In this program, we have to reverse the order of words while keeping the word’s direction the same. Only the words will be interchanged.

For this purpose, we will:

1. We initialize an integer variable ‘i’ to the length of the input string minus one (the index of the last character in the string) and we also initialize two empty strings: ‘ans’ and ‘helper’.

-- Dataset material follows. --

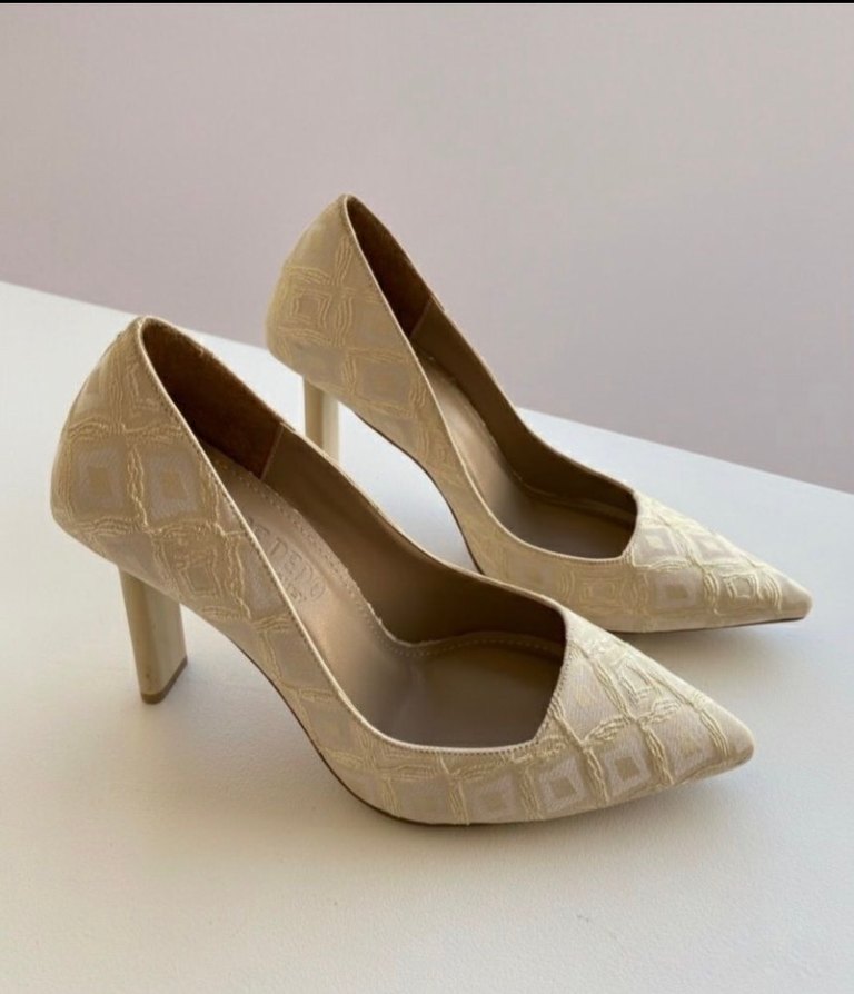 Bej yılan desenli ve dantel detaylı, sentetik kumaştan yapılmış modern klasik stilettolar, ofis için uygundur.

2. If we encounter space anywhere in between then check

• if Helper’s size is greater than 0 ( helper.size&gt;0 ) or not because if helper contains any word that can be our First Space. If yes, it will reverse the order of characters in ‘helper’ using [ ‘reverse( helper .begin(), helper.end()) ]
And we will add a helper into the ‘ans’ to add a space to separate words and resets the ‘helper’ string NULL string again ( because we need helper just to one word )
• If the current character is not a space , it directs to ‘helper’. And this is done to collect characters of the current word in reverse order.

3. After the loop, it checks if ‘helper’ is not empty . If ‘helper’ is not empty , it means the last word has been collected , and it will be added to the ‘ans’ .

• The code reverses the the order of characters in ‘helper’ and directs it to ‘ans’ , and ensures that there is no extra space at the end.

4. Finally, the string with reversed words is stored in ‘ans’, and it is returned as a result.